Russian flying ace (1889–1919)

Alexander Alexandrovich Kazakov (Kozakov, Kosakoff) (Александр Александрович Казаков) (2 January 1889 – 1 August 1919) (British Distinguished Service Order and Military Cross and the French Légion d'honneur) was the most successful Russian flying ace and fighter pilot during the First World War.

==Pre World War I==

Born to a Russian noble family in Kherson Governorate, Kazakov graduated from Yelizavetgrad cavalry school in 1908. He did his stint in cavalry, but in 1913 he began formal training as a pilot and graduated at the beginning of World War I from Gatchina military aviation school.

==World War I==
Alexander Kazakov flew Morane-Saulnier, Spad – SА2, Nieuport 11 and Nieuport 17 planes and is alleged to have the largest number of victories over enemy aircraft among Imperial Russian Air Force pilots. Unofficially he shot down 32 German and Austro-Hungarian planes, although his official tally is only 20 because only planes that crashed in Russian-held territory were counted. Russian military aviation tradition during World War I was different from that of its Western allies and rivals and the individual scores of pilots were considered to be of lesser value compared to their contribution to the overall war effort.

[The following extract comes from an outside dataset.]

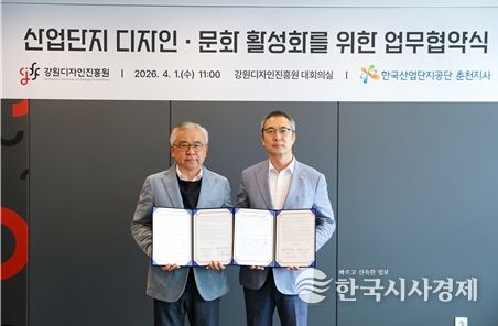 한국시사경제 권충언 기자 | 강원디자인진흥원은 1일 강원디자인진흥원 대회의실에서 한국산업단지공단 강원지역본부 춘천지사와 산업단지 내 디자인·문화 활성화를 위한 공동사업 추진 업무협약을 체결했다고 밝혔다.

On 31 March 1915 Alexander Kazakov successfully repeated the aerial ramming attack first attempted by Pyotr Nesterov, using a Morane-Saulnier G as his piloted projectile. For this bit of daring, he was awarded the Order of Saint Anne, first in the Fourth Class, then in the Third. He was appointed to command of 19th Corps Fighter Detachment in September 1915. Here he had Nieuport 10s and Nieuport 11s to fly. Between 27 June and 21 December 1916, he racked up four more victories to become an ace.

Five months later, Kazakov resumed his winning streak with his sixth victory on 6 May 1917, which was shared with Ernst Leman and Pavel Argeyev. By 25 May, with his eighth win, he switched to a Nieuport 17, which he used henceforth.
Between 1915 and 1917 he fought on the Russian front as well as in Romania and participated in the Brusilov Offensive as a commander of 1st Combat Air Group.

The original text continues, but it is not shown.